Во тьме разные картины проплывали у меня в голове. Миссис Харди и мисс Беатрис узнают страшную новость. Мисс Беатрис рыдает, но оплакивает скорей не несчастного своего отца, а себя, потому что теперь ей придется остаться со скорбящей вдовой и лопнет план удрать к морю. Миссис О'Горман винила за эти бредни исключительно образованность, никогда мисс Беатрис ни по чему такому диковинному не сохла, пока в пансион ее не услали. Миссис Харди лежит в постели и кличет доктора Поттера, чтобы принес ей портвейн. Но он и бровью не ведет, он слишком занят, он утешает мисс Беатрис, дорвался, наконец-то она у него в объятьях, и его дурацкое от счастья лицо сияет над ее дрожащим плечом. Я наливаю вина из кухонного ледника и несу миссис Харди; прежде чем пригубить бокал, она хватает меня за руку и бормочет с выпученными глазами: «Ты мой единственный истинный друг на всем белом свете». И я говорю: «Это мой долг», но потом соображаю, что это звучит суховато, и я прибавляю: «Что вы, я с большим удовольствием».
Но на этом самом месте мистер Харди перекатился у меня под ногами. Я испугалась, как бы его не поцарапало деревяшкой, хотя, конечно, мертвому телу не нужно защиты от стрел судьбы. Но все же я его подтянула за пиджак к себе поближе; я мастера Джорджи оберегала.
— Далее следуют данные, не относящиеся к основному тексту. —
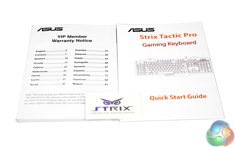 Along with the keyboard itself Asus supply four replacement orange key-caps, with a little key for removing them as needed and some documentation that covers warranty and the quick setup.
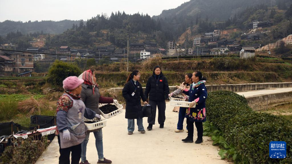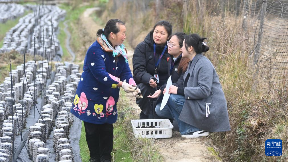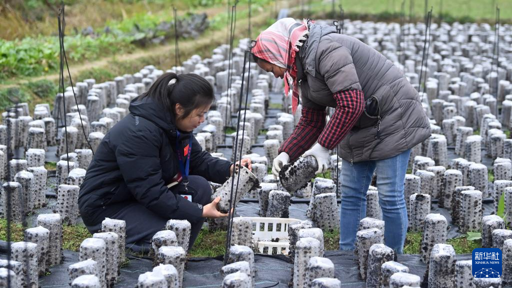 1月23日,在三江侗族自治县八江镇八斗村,基层干部吴晓洁(左)帮村民采收木耳的同时了解项目落实情况。
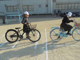 尼崎市役所交通安全課の方に来ていただいて、3年生が自転車の乗り方について学習しました。青信号でももう一度左右と右後ろを確かめてから交差点を進むことや、横断歩道では歩行者と同じなので、自転車をおりて押して進むことなどを学びました。これからも、安全運転でお願いします。後で免許証も送ってくれます。 保護者の皆様には、自転車を持ってきていただくなとご協力ありがとうございました。持ってきていただいた自転車もきれいにそろえていただき、気持ち良かったです。 |

Слезы выступили мне на глаза, когда я подумала про миссис Харди, потому что я же понимала, что она любит своего мужа, что бы там сама она ни причитала, и, наверно, все между ними было иначе, когда они только-только поженились. Она умней его, и ей не понравилось, как он поет, и с этого, видно, у них и пошли разногласия. Миссис О'Горман рассказывала, что познакомились они на конских скачках в Индии, а там жарища такая, что мутятся мозги у людей и средь бела дня приходится закладываться в постель. Видно, великая вещь — сила привычки, потому что миссис Харди не отучилась средь бела дня закладываться в постель в любую погоду.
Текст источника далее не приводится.